Testosterone, a natural anabolic steroid, can help place patients in a positive nitrogen balance. Dosages of 100-200 mg weekly can be given to most men and women. Consideration can be given to DHEA (see the DHEA Restoration Therapy protocol) and pregnenolone as well. The intravenous administration of vitamins (25-50 grams of vitamin C, 2-3 times weekly, in particular) may be helpful.
Testosterone supplementation in male HIV patients with wasting syndrome has been shown to increase lean body mass at weekly doses of 200mg administered intramuscularly. The most significant results were seen in combination with resistance weight training. In a study, 54 men were given testosterone or placebo and placed on a 12-week exercise training program or no training at all. Lean body mass and muscle increased in those undergoing training and testosterone therapy. Levels of beneficial HDL cholesterol increased in those training, but fell in those supplementing with testosterone. Viral load fell in those taking the hormone (Fairfield 2001).

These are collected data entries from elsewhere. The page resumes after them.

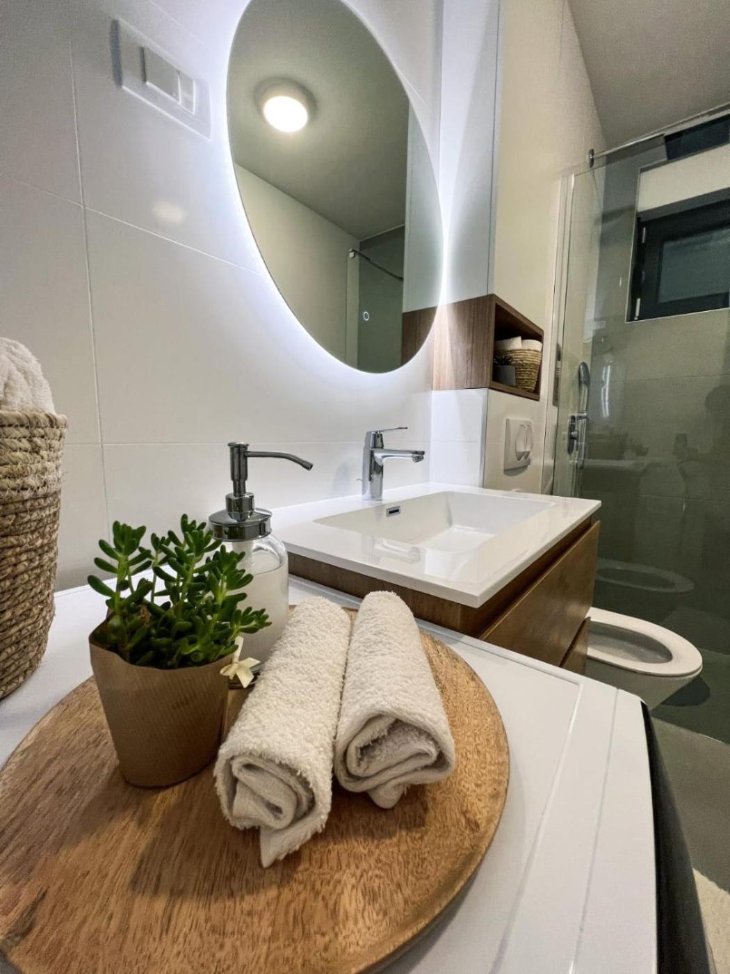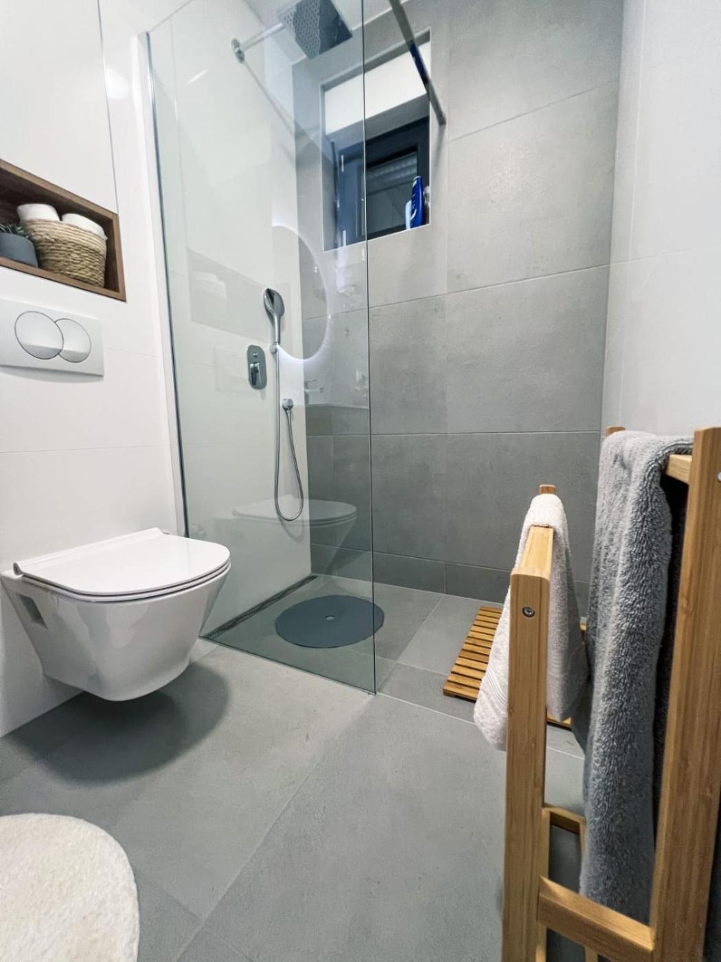 Two-Bedroom Apartment. Featuring a private entrance, this air-conditioned apartment comprises 1 living room, 2 separate bedrooms and 1 bathroom with a walk-in shower and a hairdryer. In the well-equipped kitchen, guests will find a stovetop, a refrigerator, a dishwasher and kitchenware. The spacious apartment provides a flat-screen TV with streaming services, a washing machine, a coffee machine, a seating area as well as sea views. The unit offers 4 beds.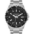 Мужские кварцевые часы Lee Cooper LC07622.350 — это стильный аксессуар с классическим дизайном и спортивными акцентами. Корпус диаметром 45 мм выполнен из суперметалла. Безель с IP-покрытиемIP-покрытиеМетод ионного напыления. Демонстрирует повышенную устойчивость к истиранию, окислению и химическим веществам. Под воздействием высокого давления и температуры около 1500°C молекулы металла надёжно соединяются с частицами корпуса часов.. Циферблат чёрного цвета оформлен индексами и дополнен окошком даты в положении 3 часов. Шкала тахиметраТахиметрРазмеченная шкала, располагается на ободке или безеле часов. Тахиметр позволяет рассчитать скорость на определённом участке пути, расстояние измеряется в километрах или милях. на безеле позволяет измерять среднюю скорость. Циферблат защищён минеральным стекломМинеральное стеклоМинеральное стекло представляет собой искусственно выращенный минерал кварца. Такое стекло отличается особой устойчивостью к повреждениям и царапинам. Уступает по некоторым качествам сапфировому стеклу.. Стрелки и метки с люминесцентным покрытиемЛюминесцентное покрытиеПозволяет считывать показания времени в темноте. Производители наносят на стрелки, часовые индексы, безель или поверхность циферблата светонакопительный состав, дающий холодное свечение., обеспечивающим хорошую читаемость в темноте. Часы оснащены стальным браслетом на раскладной застёжкеРаскладная застёжкаТакой тип застёжки используется только на браслетах из металла. Она никогда не раскрывается полностью, происходит разделение на 2 и более частей. Раскладывающая застёжка снизит вероятность потери часов к минимуму.. Водонепроницаемость 50 м позволяет использовать часы для плавания и повседневного ношения. Универсальный выбор для тех, кто ценит надёжность и выразительный стиль.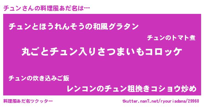 | 男性向けラノベタイトル風あだ名 | 『この素晴らしい世界にチュンを!』 |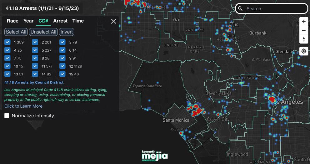 Meija’s report notes half of arrests are misdemeanors and claims the ordinance is “unevenly enforced across council districts with little relation to the number of unhoused people per council district.”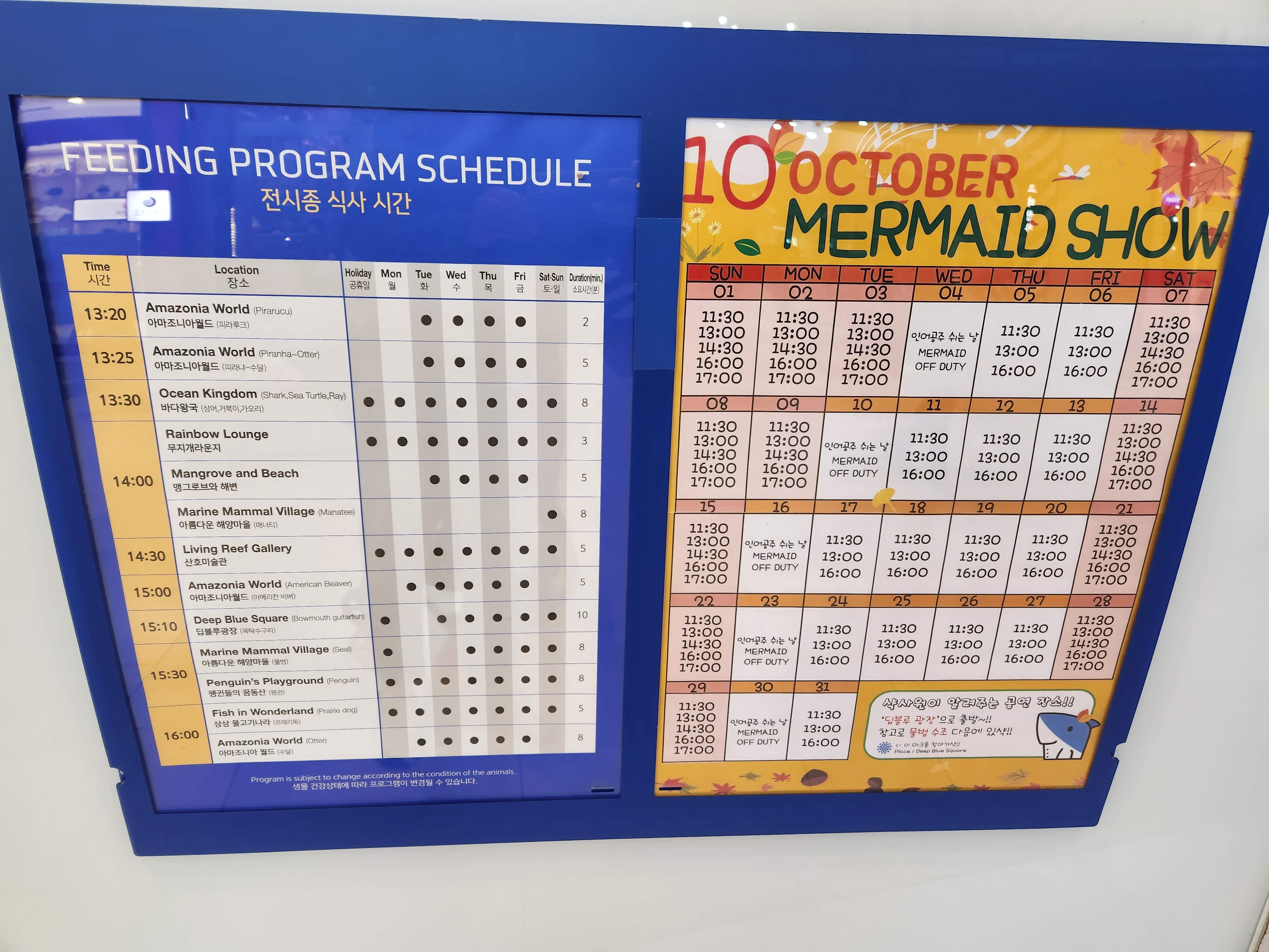 각 장소에 따라서 먹이를 주는 시간과 공연이 아래와 같은 스케쥴로 진행이 됩니다. 저희는 딱히 시간에 구애받는 걸 좋아하지 않아서 관람하지는 않았습니다.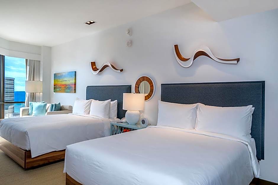 After a long day of exploring the beautiful city of Honolulu, the offers comfortable and spacious rooms to rest and recharge. Whether you're traveling with a group of friends or your family, this hotel has a variety of room options to suit your needs. Choose from suites with stunning ocean or mountain views, or rooms with a view of the city. With options such as the King Suite with Ocean View, Queen Suite with Two Queen Beds and City View, and the Deluxe Queen Room with Two Queen Beds, you'll find the perfect space for a relaxing stay.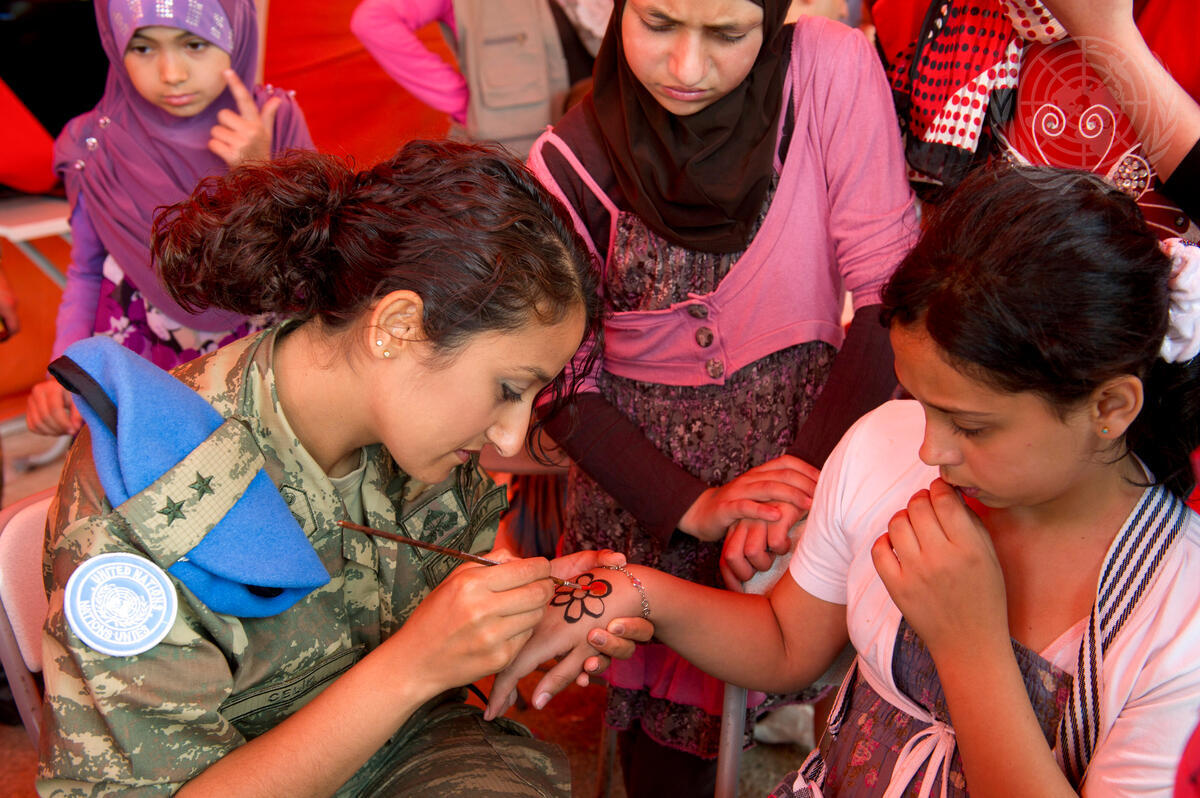 A Turkish peacekeeper serving with the UN Interim Force in Lebanon (UNIFIL) paints a flower on a girl’s hand at a children’s fair organized by UNIFIL in Sultaniya, south Lebanon.
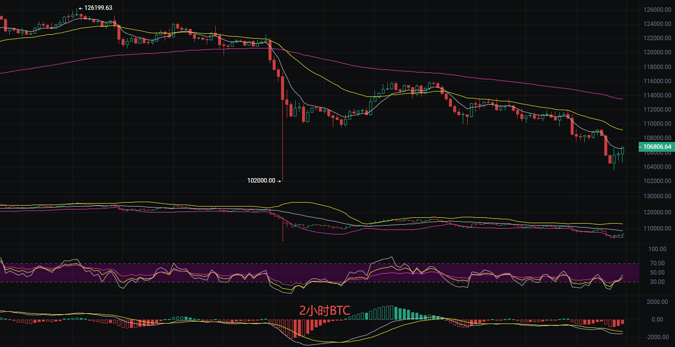比特币市场分析 - 比特币现价106,400美元,从高位115,166美元回落至106,288美元,日线连续四日收阴,形成明确下跌趋势 [1] - 技术指标显示死亡交叉,EMA呈现空头排列,MACD 2小时级别空头力量占据主导,2小时级别抛压较重,整体趋势偏弱 [1] - 成交量极度萎缩形成显著量价背离,市场参与度低,可能限制价格进一步下行空间,关键支撑位在102,000美元附近 [1] - 短线交易策略为价格触底104,000美元后做多,目标106,000美元,止损103,500美元;或在106,500美元做空,目标104,000美元,止损107,000美元 [3] 以太坊市场分析 - 以太坊现价3,918美元,接近关键支撑位3,400美元,并伴随看涨吞没形态,为短期反弹提供潜在支撑 [3] - 日线持续下跌形成连续阴线,2小时级别价格在暴跌后出现小幅反弹,但整体仍处于下降趋势,高点逐步降低,低点不断刷新 [3] - 技术指标显示价格位于短期和长期均线之下,均线向下倾斜,MACD 2小时和日线级别均处于死叉状态,EMA 2小时呈空头排列,短期压力集中在3,800美元附近 [3] - 成交量极度缩量表明市场动能不足,短期内或维持震荡走势,需关注支撑位有效性 [3] - 短线交易策略为价格触底3,700美元后做多,目标3,850美元,止损3,650美元;或在3,850美元做空,目标3,750美元,止损3,900美元 [5]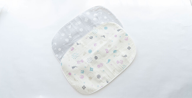 生地の両面は、通気性・吸水性に優れた綿100%。表面のガーゼ生地(モスリンガーゼ使用)は毛羽立ちが少なくサラッとした感触、裏面のパイル生地は柔らかな質感と吸水性を持ち、赤ちゃんの睡眠をサポートします。また、汚れてもサッと丸洗いできるので、清潔にお使いいただけます。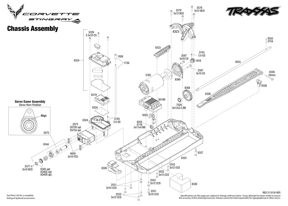 Traxxas Chevrolet Corvette Stingray Parts Exploded View (93054-4)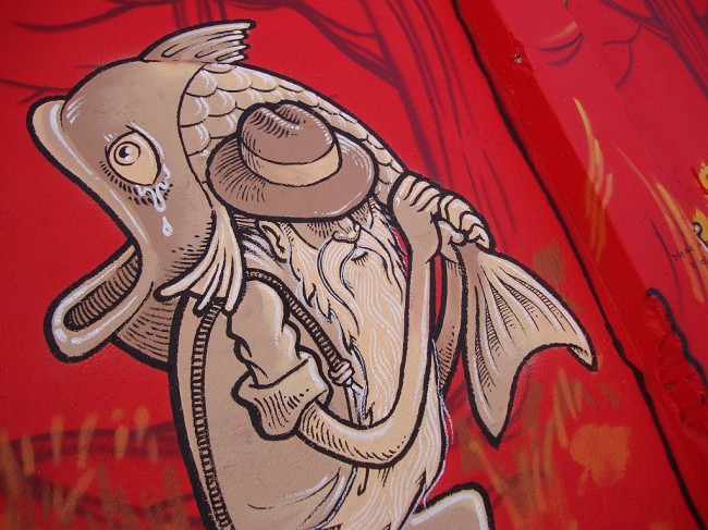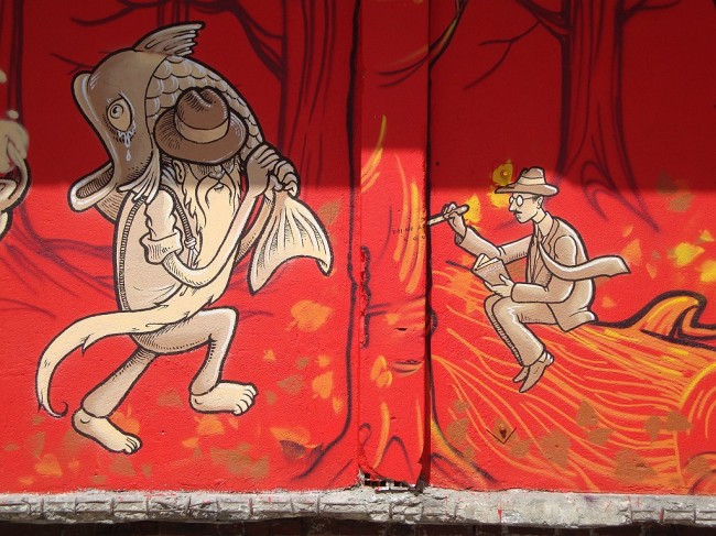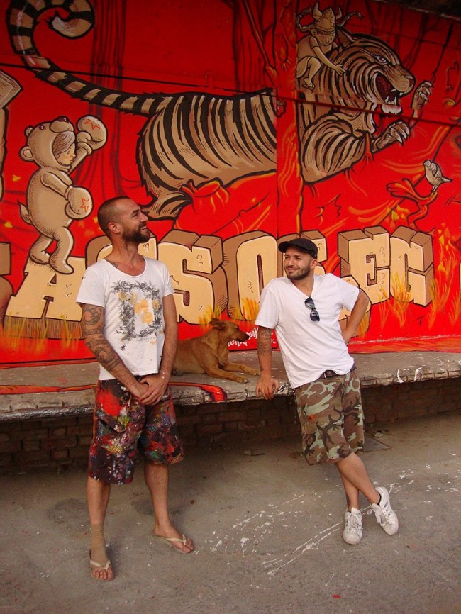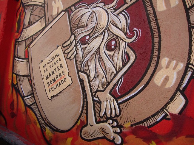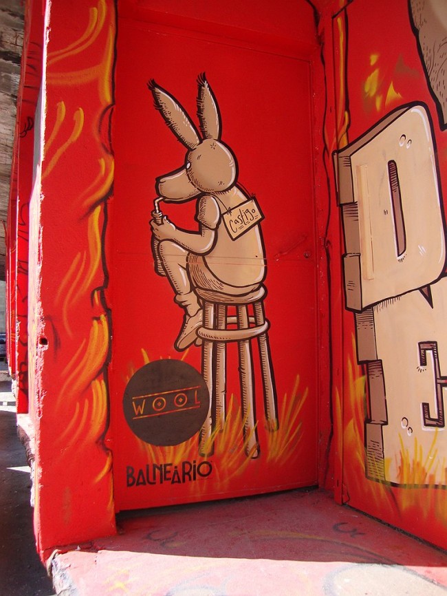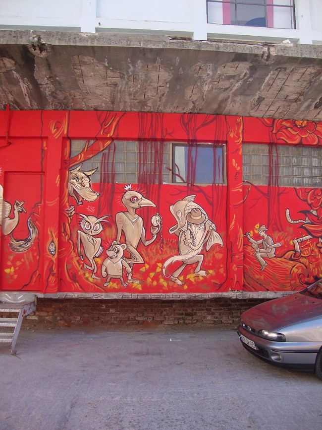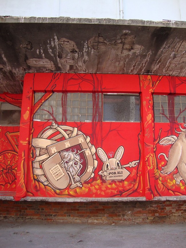 WOOL, the urban art festival from Covilhã together with Balneário, has been hitting Lisboa with “on tour” events always connected to urban art. Back at the Lx Factory Open Day, they invited several artists to paint some of the walls, and this is Mário Belém and Hugo Makarov brilliant execution.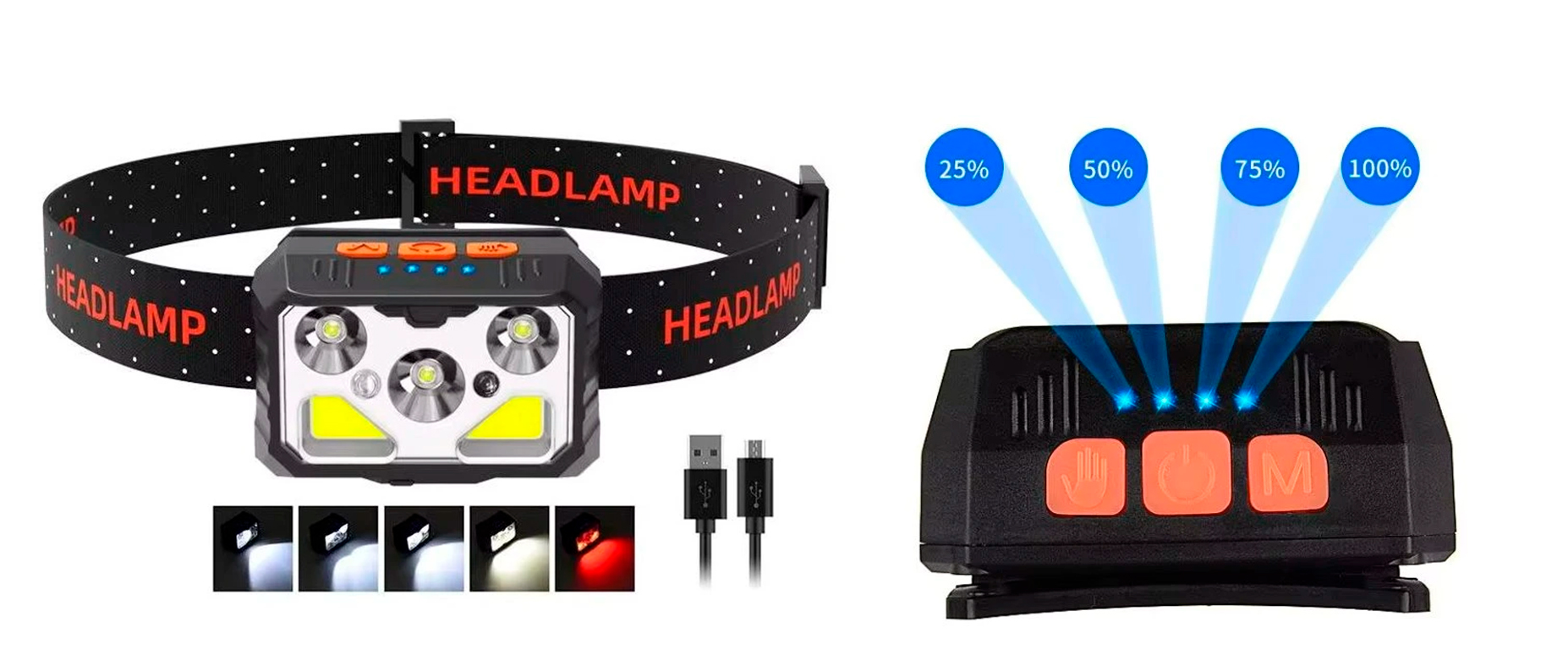 Čelovka je vybavena hlavní LED diodou a doplňkovými světelnými panely, které umožňují volbu mezi různými světelnými režimy včetně červeného světla. K dispozici jsou 3 režimy svícení, mezi kterými lze přepínat pomocí horních tlačítek. Integrované světelné indikátory zobrazují úroveň nabití ve čtyřech stupních – 25 %, 50 %, 75 % a 100 %. Díky podpoře stmívání lze regulovat intenzitu světla podle aktuální potřeby.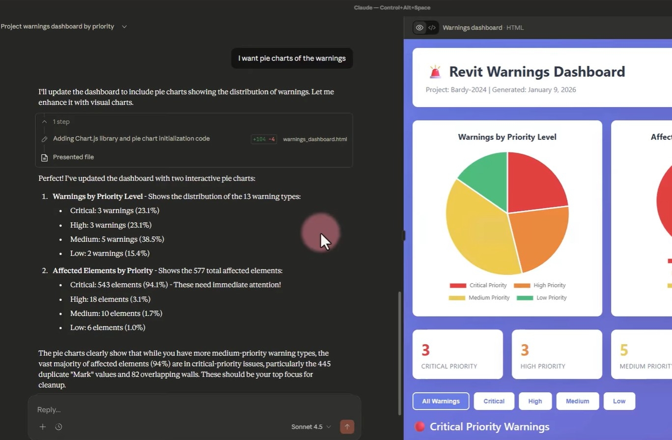 La gestion des avertissements (warnings) est souvent une tâche fastidieuse. Dans la démonstration de BIM Pure, l'utilisateur demande simplement à Claude :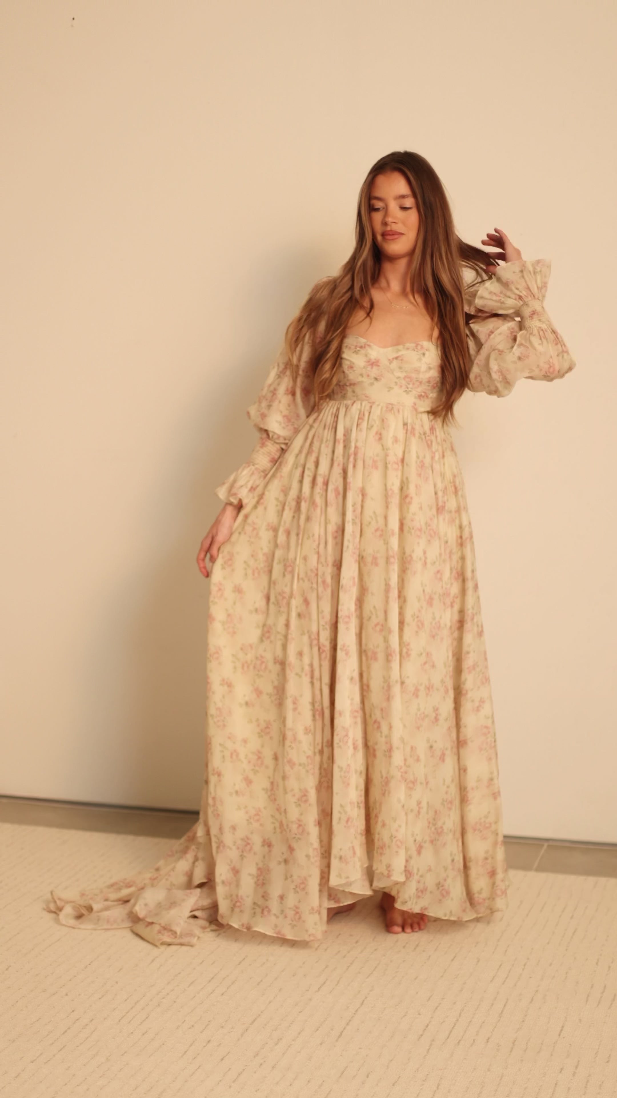 Daphne Maxi Dress in Beige Blue Floral - Bump Friendly *2/2 PRE-ORDER*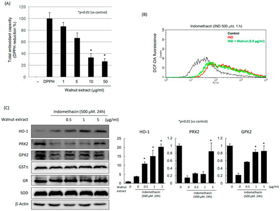 2.3. Walnut Extracts Afforded Antioxidative Action under Indomethacin Stimulation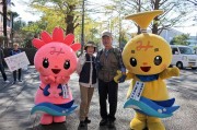 イチョウ並木で「ゆるキャラ」がお出迎え。学生たちがキャンパス内に準備してくれた休憩所で一休み。 |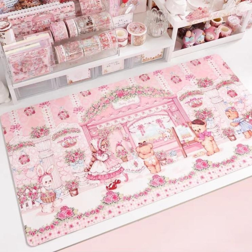 少女 書桌 桌墊 桌布 滑鼠墊 粉色 小熊 可愛 公主 房間 lolita 地雷系 蕾絲 墊板

Consideration should be given to "adrenal support." Patients with catabolic wasting should be assumed to have some degree of adrenal fatigue from the stress of chronic disease (see the Adrenal Disease protocol).
Warning: The possibilities discussed above have not been thoroughly studied with respect to potentially worsening cancer (if cancer is the source of the cachectic state). It is suggested that you discuss any potential treatment with a physician practicing complementary medicine prior to initiating therapy.